Section: Introductionmentioning

confidence: 99%

ALBERT-Based Self-Ensemble Model With Semisupervised Learning and Data Augmentation for Clinical Semantic Textual Similarity Calculation: Algorithm Validation Study

Zhang

Zhou

2021

Background In recent years, with increases in the amount of information available and the importance of information screening, increased attention has been paid to the calculation of textual semantic similarity. In the field of medicine, electronic medical records and medical research documents have become important data resources for clinical research. Medical textual semantic similarity calculation has become an urgent problem to be solved.

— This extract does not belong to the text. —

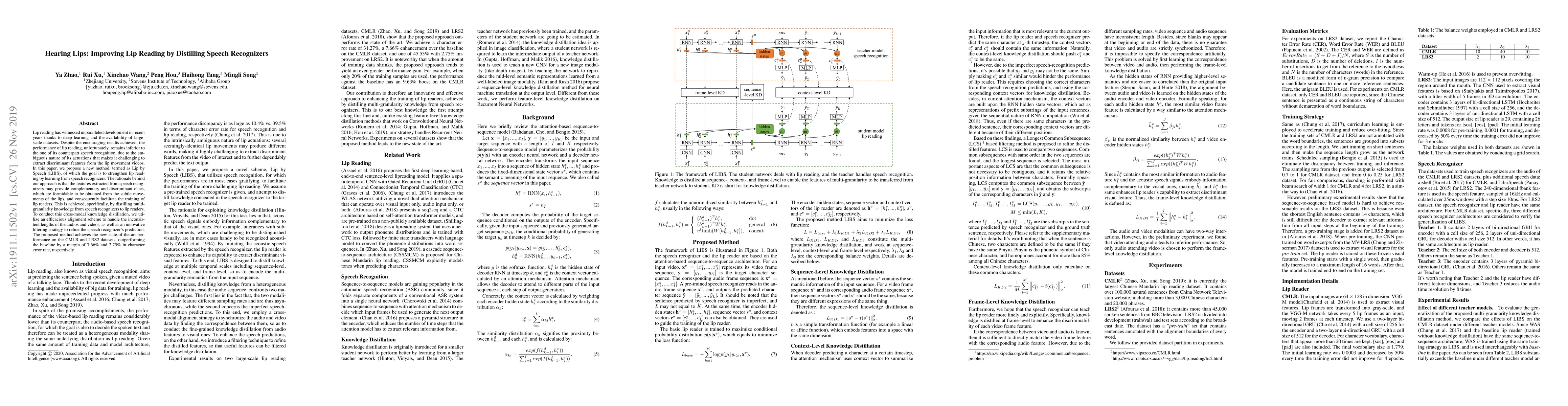 This paper proposes a method called Lip by Speech (LIBS) to enhance lip reading by distilling knowledge from speech recognizers. The approach aims to leverage the features extracted from speech recognizers to improve the training of lip readers, achieving state-of-the-art results on CMLR and LRS2 datasets with significant reductions in character error rates.

Objective This research aims to solve 2 problems—(1) when the size of medical data sets is small, leading to insufficient learning with understanding of the models and (2) when information is lost in the process of long-distance propagation, causing the models to be unable to grasp key information. Methods This paper combines a text data augmentation method and a self-ensemble ALBERT model under semisupervised learning to perform clinical textual semantic similarity calculations. Results Compared with the methods in the 2019 National Natural Language Processing Clinical Challenges Open Health Natural Language Processing shared task Track on Clinical Semantic Textual Similarity, our method surpasses the best result by 2 percentage points and achieves a Pearson correlation coefficient of 0.92. Conclusions When the size of medical data set is small, data augmentation can increase the size of the data set and improved semisupervised learning can boost the learning efficiency of the model. Additionally, self-ensemble methods improve the model performance. Our method had excellent performance and has great potential to improve related medical problems.